頭の中が真っ白だ。だけどすぐ、自分が欲していたのは随分と大それたものだったのだと気がついて、反省した。そもそも彼のような人が私なんかを本気で相手にしてくれるわけなんかないのに、どうしてそんな自惚れを抱いてしまったのだろう。
自戒していると
「なんだよ。真友だって感じてただろ? それとも、誰にでもそうなるの?」
と問われ、迷わず
「ちがうっ」
と答えた。
「じゃあ、俺だけ?」
試すような目に、頷いた。私は誰とでも寝る女なんかじゃない。今夜こういうことになったのは相手が彼だからだと、それだけはわかってほしい。
彼は満足そうに微笑んだ。
「付き合うとかなって、真友のこと縛るのやだからさ」
気遣うように、彼は言った。
だけどわかっているつもりだ。彼がこう言ったのは、私のためを思ってなんかじゃないことくらい。

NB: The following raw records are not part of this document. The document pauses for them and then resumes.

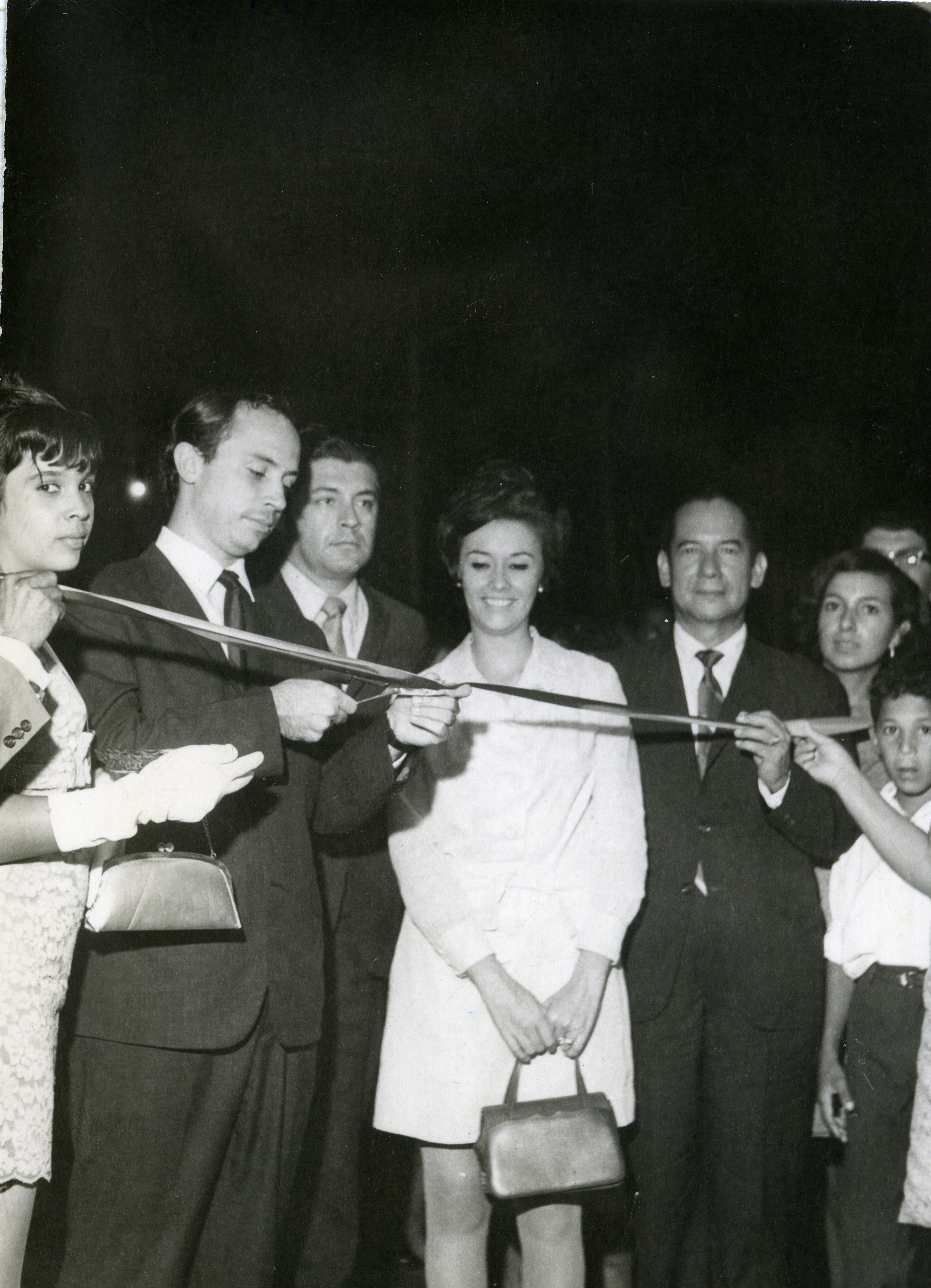 Fotografía plano medio largo de Rodrigo Lloreda Caicedo, se observa con traje y corbata, cortando una cinta
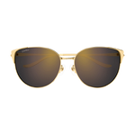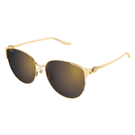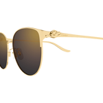 Panthère de Cartier, évolution moderne en métal, caractérisée par la silhouette iconique de l'animal en deux dimensions, épousant parfaitement la face et la charnière. Monture cerclée ronde sophistiquée, pour un look contemporain. Charnière ornée de la silhouette emblématique de la Panthère conçue dans les moindres détails. Finition précieuse en or et manchons métalliques évoquant le mouvement de la queue de la Panthère.
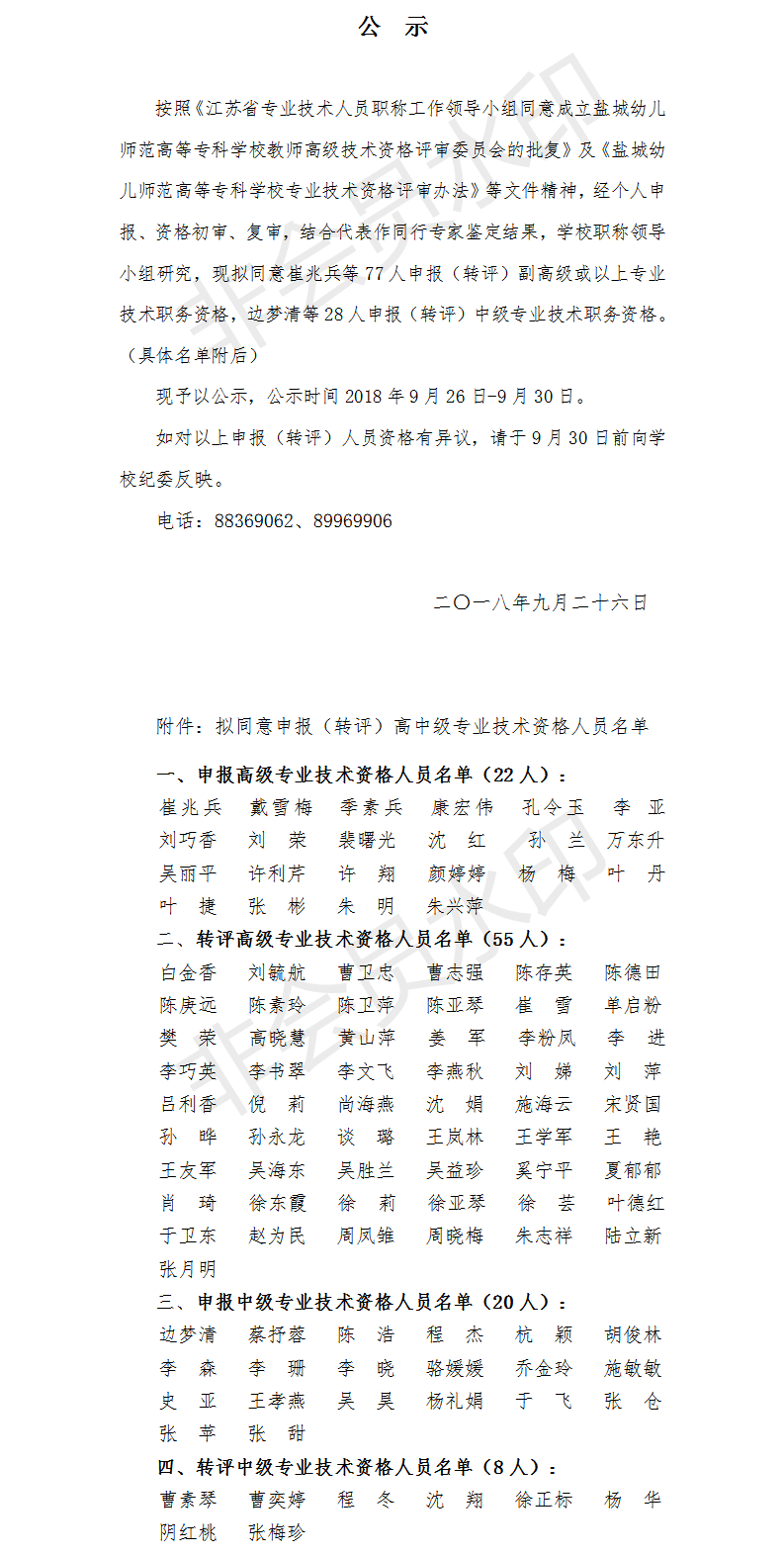 关于学科评议组拟同意推荐(晋升/转评)人员名单的公示
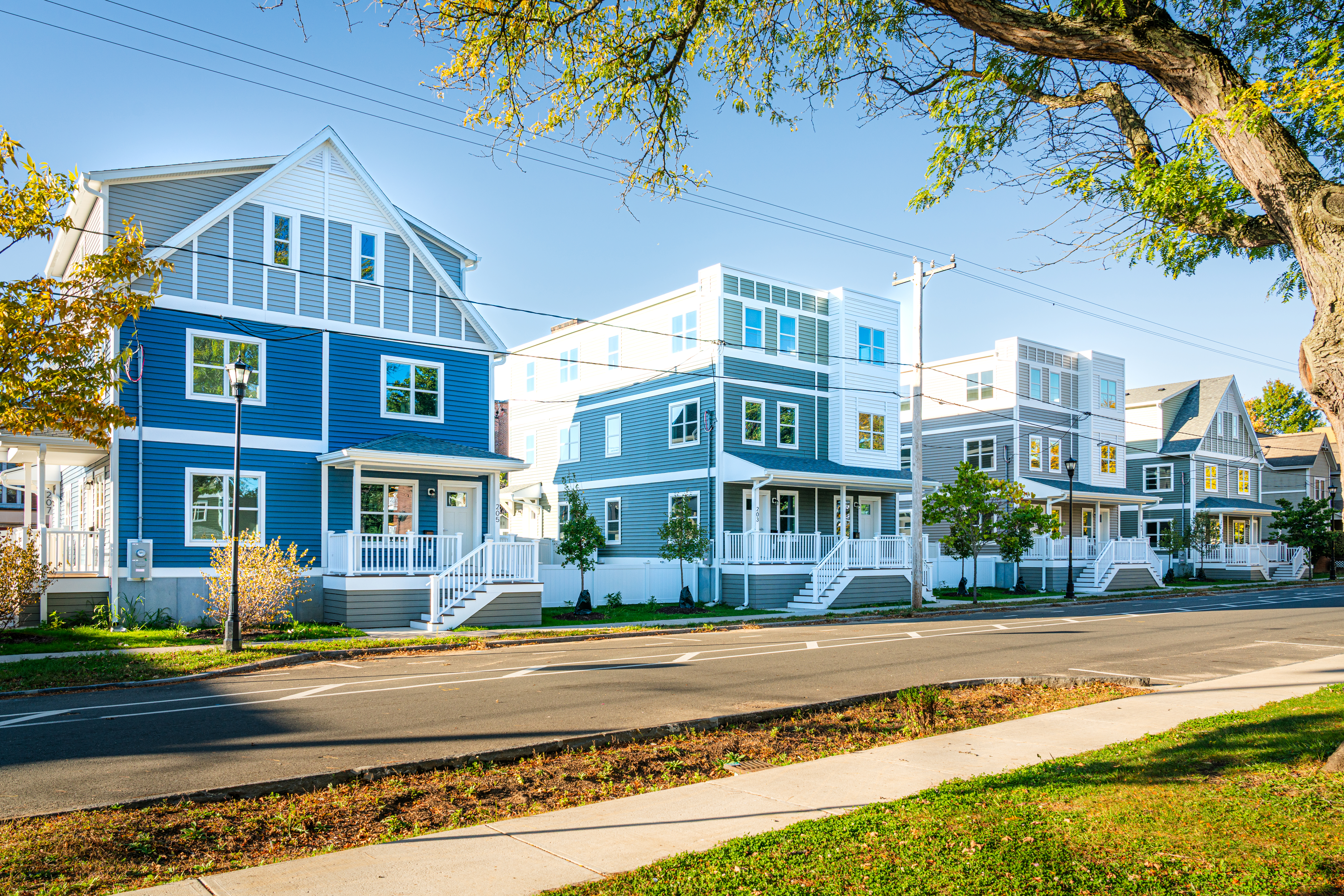 Holyoke Homes marks the second phase of a multi-phase infill strategy, utilizing modular construction to deliver high-quality homeownership duplexes to the Gateway City of Holyoke. Designed for three- and four-bedroom households, these homes provide private yards and rear parking while bridging the neighborhood’s residential scale with the historic, masonry-heavy character of downtown South Holyoke.
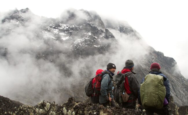 Day 6 of Mt Rwenzori Hiking, awake at 2am and catch an early breakfast before heading off to climb Mt Stanley at 2.30am. This is necessary as the weather has changed a lot and often even during the dryer season the mountain is closed in with heavy clouds and snow falls from 1 pm to 4pm and this happens within a short period of 10 to 15 minutes as the clouds rise up from the extensive Congo rainforests. Additional information: During January and February 2017 clients were closed in and unable to walk during heavy snow storms which previously were not heard of during the dryer season and arrived back at Margherita camp well after dark with one group arriving back at 11pm totally exhausted. There is now a strict turn around time of 10am so if you do not reach the peak before then you must turn around regardless of the disappointment in the interests of safety. Margherita glacier has also suffered with global warming and as the outer edges of the glacier recede the ice is becoming steeper with one section of about 200 meters more than 60% grade.
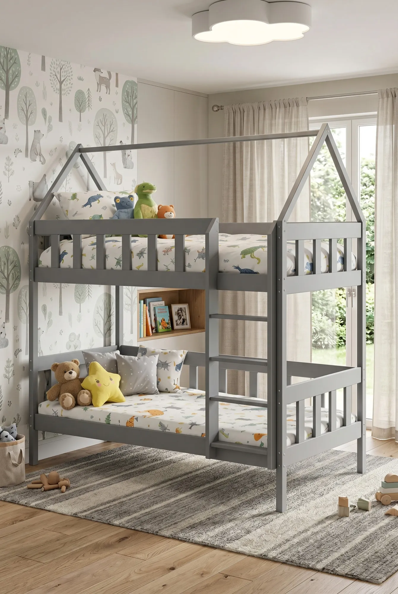 Dotyczy: Drewniane piętrowe łóżko domek dla dzieci, sosna - Varcon 3X 180x90 cm

彼女にする気はないけれど、抱ける程度には嫌いじゃない。そういうことなんだろう。
だが、たとえその程度でも嫌いだと言い渡されたわけじゃないのは救いだった。それに、この提案を拒んで彼と繋がる全ての可能性を捨て去るなんて無理だ。
一秒もかからずそう思った。
ほとんど溢れ出てしまっているこの思いを今この瞬間に抹殺して、彼との間には何もなかったのだと、自分に言い聞かせられる自信はない。
私は、目の前に現れた絶望を、希望だと思うことにした。ただの友達よりセフレの方がいいと、信じることにしたのだ。
セフレなら、キスもできるし触れられる。たとえ嘘だって、囁いてくれた睦言は私だけのものになるのだ。
それに、いつかに希望を持っていられるじゃないか。
「……うん」
微笑んでいた。
こんなときに気丈さを発揮する自分に何と言えばいいのか、今はまだわからない。
「決まり。じゃ、これからもよろしくってことで」
そう言って私の胸に顔を埋める彼の髪を撫でた。
いつ訪れるのかわからないいつかに期待してでも彼のそばにいることしか選べない私にできるのは、彼から向けられる情欲を、愛情だと信じることだけだ。
End.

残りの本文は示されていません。